Beaujolais remains one of France’s classic, most celebrated wines, although its reputation has often been maligned by the ocean of Beaujolais Nouveau that inundates consumers each fall. Will the real Beaujolais please stand up?
Situated in the extreme south of Burgundy, Beaujolais is a vast region of nearly two hundred villages and communes, which are spread out on varying subsoils and are influenced by individual terroirs. Unofficially, Beaujolais forms the dividing line between northern and southern France. Straddling the un-specified equivalent of the American Mason-Dixon Line, authentic Beaujolais flows in copious quantities north to Paris and south to Lyon and beyond to the delight of many.
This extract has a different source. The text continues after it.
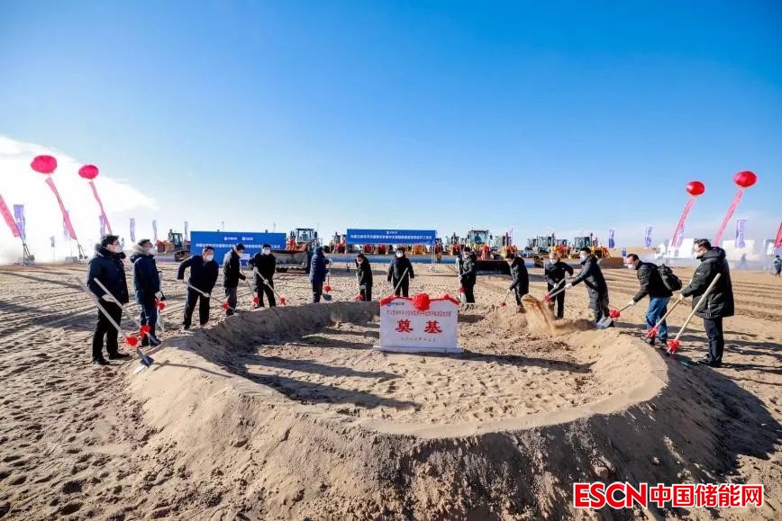 內(nèi)蒙古庫布齊沙漠鄂爾多斯中北部新能源基地項(xiàng)目開工現(xiàn)場(三峽能源供圖)

In spite of inherent variations in quality, which reflect the differences in soil composition, altitude, and level of production among the region’s thousands of growers, one common denominator comes to fore in Beaujolais – the Gamay grape. Gamay provides the defining character and flavor of Beaujolais, and nowhere is this more the case than in the 10 cru villages of Beaujolais – the source of the finest wines of the region. Although wines bearing a Beaujolais or Beaujolais-Villages AOC can provide very pleasant drinking, the ten cru villages comprise the heart of Beaujolais and offer the consumer the finest Gamay wines in the world. In addition, each of these ten townships possesses a special terroir and individual set of characteristics that make for memorable drinking.
These 10 cru villages of Beaujolais are Brouilly, Côte de Brouilly, Chiroubles, St. Amour, Fleurie, Regnie, Chenas, Morgon, Julienas, and Moulin-à-Vent. Although each cru has its merits and particular attributes, Morgon, Julienas, and Moulin-à-Vent are widely acknowledged to be the finest, fullest and most Burgundy-like of the wines of Beaujolais, and they enjoy an enviable reputation for ageing up to five years or more in bottle with excellent results.
Some reliable producers of excellent cru Beaujolais include Château de Pizay, Château de Saint Lager, Daniel Bouland, Georges Descombes, and Mathieu Lapierre. Like all Beaujolais, cru Beaujolais is best consumed in the company of good home cooking and served cool or even just slightly chilled. Enjoy!